ABSTRACT

The digestive system allows the transformation of food in nutrients and provides the calories and the fundamental elements for life to the organism. Moreover, it is responsible for the disposal of waste products in an appropriate manner. In this context, the intestinal motility is very important for the segmentation of the chyme and intestinal transit and it is determined by the myoelectrical activity of the intestinal muscular layers; such activity is also called electroenterogram (EEnG). The myoelectrical signal is the result of a low frequency component that is always present in physiological conditions slow wave (SW) or rhythm electrical basic (BER) and a high frequency component called spike bursts which is associated with intestinal contractions. The analysis of the EEnG is a key step to monitor the intestinal activity. The study of intestinal slow wave not only provides information about the basic rhythm of bowel contractions, but also may help to diagnose some gastrointestinal pathologies. In order to approach this tool to clinical applications, the recording of EEnG signal should be non invasive.

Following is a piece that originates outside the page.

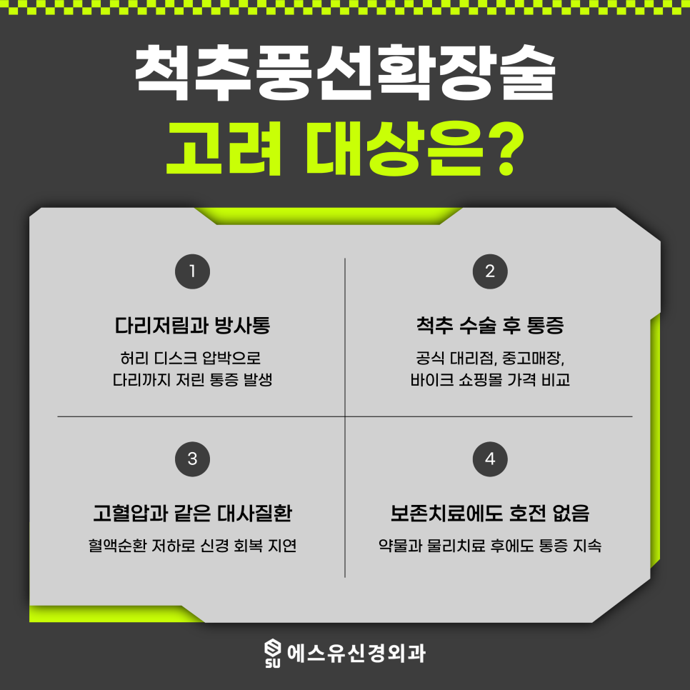 ✔ 척추관 협착으로 다리 저림이나 방사통이 있는 경우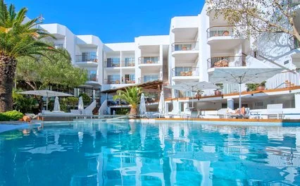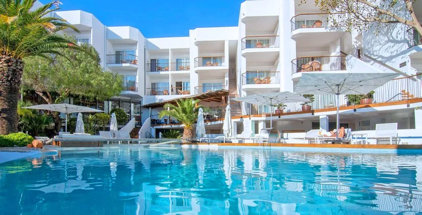 È situato nel centro di Es Pujols, la località più animata dell’isola, a circa 300 m dalla spiaggia sabbiosa. Dista 4 km circa dal porto di La Savina e 2,5 km dalle spiagge di Llevant e Ses Illetes. Dispone di 2 piscine, di cui una per bambini. Uso gratuito di teli mare, lettini e ombrelloni solo in piscina.

The aim of this Ph.D Thesis is to detect the intestinal pacemaker activity and characterize the basic electric rhythm on external EEnG, comparing and studying their relationship with the internal EEnG.
The analyzed signals were obtained simultaneously on abdominal surface and on intestinal serosa from Beagle dogs in fast state. Autoregressive (AR), autoregressive moving average (ARMA), Prony and multiple signal classification (MUSIC) estimation was used to determinate the power spectral distributions which is associated with slow wave activity of both internal and external records. On the other hand, to study the relationship between the spectrum of the signal recorded on the abdominal surface and internal signals, the coherence functions were estimated using ARM and MUSIC models.
We studied the optimal order for each parametric estimators. However, this order changes for differents signal segment, subjects and channels. It was set an appropriate order for every spectral estimator, thus, the dominant frequency of the power spectral distributions provided by these estimators agree with the repetition frequency of the intestinal slow wave not only in internal but also in external recordings. Hence, it is possible to detect non-invasively the basic electric rhythm of the intestine. On the other hand, it was shown that the slow wave frequency can change throughout recordings sessions in fast state. This evolution can behave in three different ways: type I with no significant changes in the BER frequency; type II when BER frequency follows a similar pattern to the intestinal motility index (IMI) although with a time-delay; and finally type III that is similar to type II, but the changes of the BER frequency are synchronized with the IMI.
The coherence function between internal and external signals, presented the maximum coherence value in the frequency which corresponds to the intestinal BER. The values obtained show a linear relationship between the spectra of internal and external signals. Specifically, the results indicate that the intestinal activity recorded on the abdominal surface corresponds to the region of middle jejunum. This agrees with the results obtained by the spectral analysis.
This work proves that it is possible to detect non-invasively the intestinal pacemaker activity and to monitor the frequency of the bowel basic electrical rhythm from abdominal surface recording of the EEnG. In addition, the proposed methodology permits to estimate the region of the small bowel which has been non-invasively recorded.